FIG. 2 is a plan view of the engine of FIG.

FIG. 3 is a diagram viewed from a Y direction in FIG. 2;

FIG. 4 is a plan view of FIG. 3;

5 shows the high pressure hose and the pulsation damper, FIG.
5A is a side view, and FIG. 5B is a cross-sectional view.

FIG. 6 is a diagram for explaining an effect of the present invention.

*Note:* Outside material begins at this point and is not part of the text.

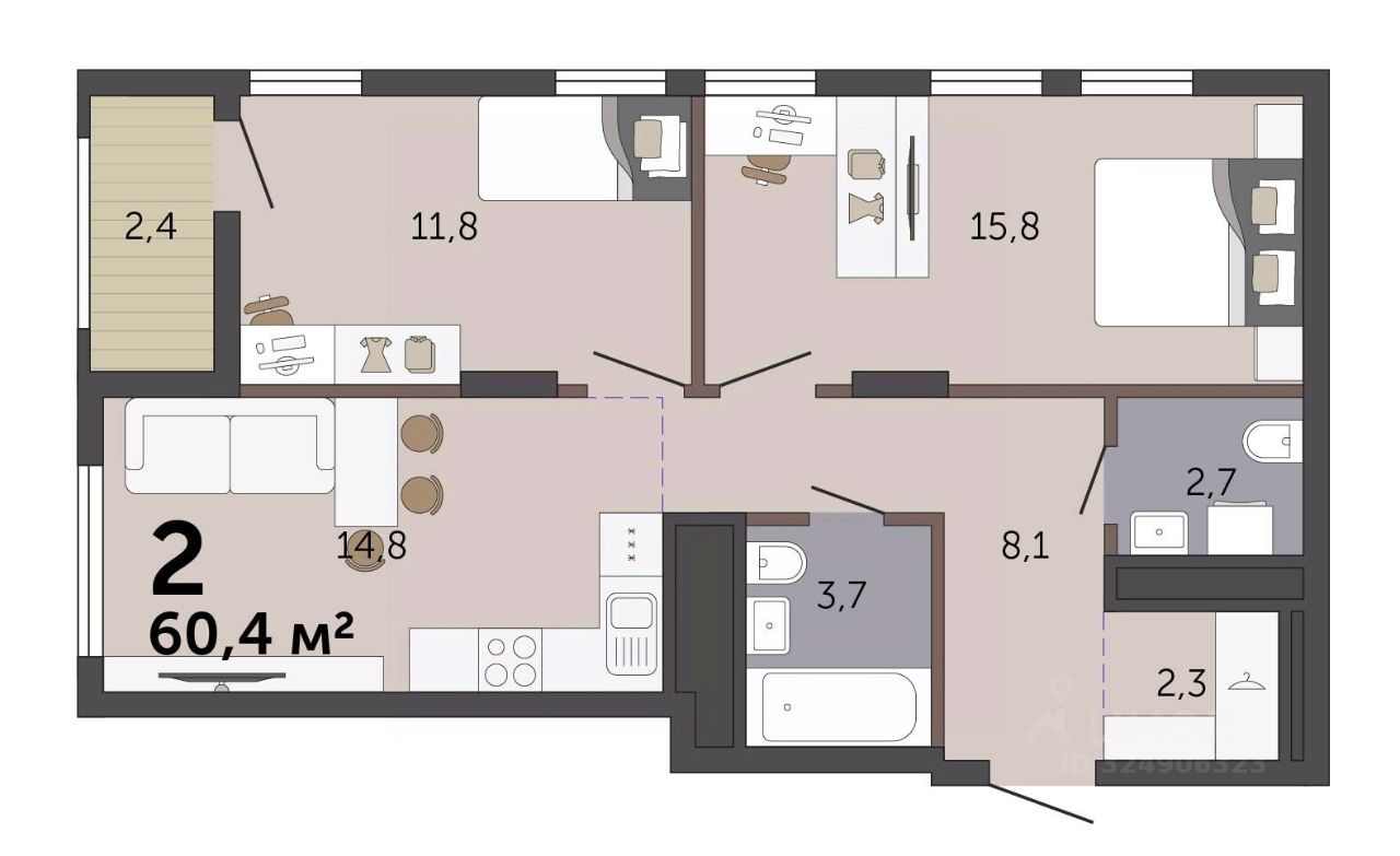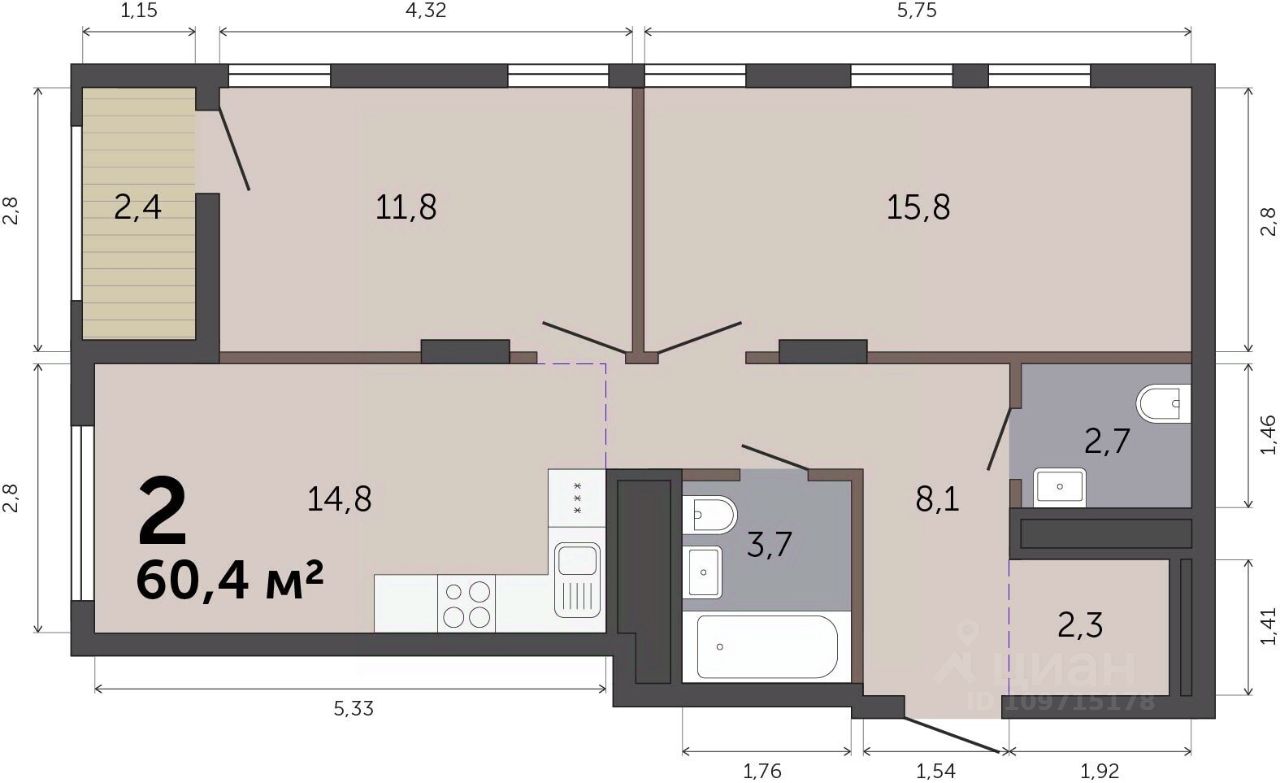 60,4 м²

FIG. 7 is a view similar to FIG. 3, showing another embodiment of the present invention.

[Explanation of symbols]

 8 ... Cylinder head 10 ... Crank shaft 13 ... Fuel injection valve 32 ... High pressure fuel pump 33a, 33b ... Fuel supply rail 49, 76 ... High pressure hose

Claims (5)

[Claims] An in-cylinder fuel injection type engine for supplying high-pressure fuel pressurized by a high-pressure fuel pump to an injector via a high-pressure fuel pipe, a high-pressure hose having contractibility is connected to a part of the high-pressure fuel pipe. An in-cylinder fuel injection engine characterized in that: 2. The in-cylinder fuel injection engine according to claim 1, wherein a high pressure hose is connected to a dead end of said high pressure fuel pipe. 3. The in-cylinder fuel injection engine according to claim 1, wherein a high-pressure hose is connected between a fuel supply rail on which the injector is mounted and a high-pressure fuel pump. 4. The high-pressure hose comprises an inner tube made of an elastic material, a resin fiber layer laminated on an outer periphery of the inner tube, and a protective layer laminated on an outer periphery of the resin fiber layer. 4. The in-cylinder fuel injection engine according to claim 1, wherein: 5. The fuel supply system according to claim 1, wherein the engine is arranged in two rows such that a crankshaft is vertically arranged and a plurality of cylinders form a V bank, and the fuel supply rails are fixed to cylinder heads of each row. 5. The in-cylinder fuel injection engine according to claim 1, wherein a high-pressure hose is connected to a lower portion of at least one of the rails.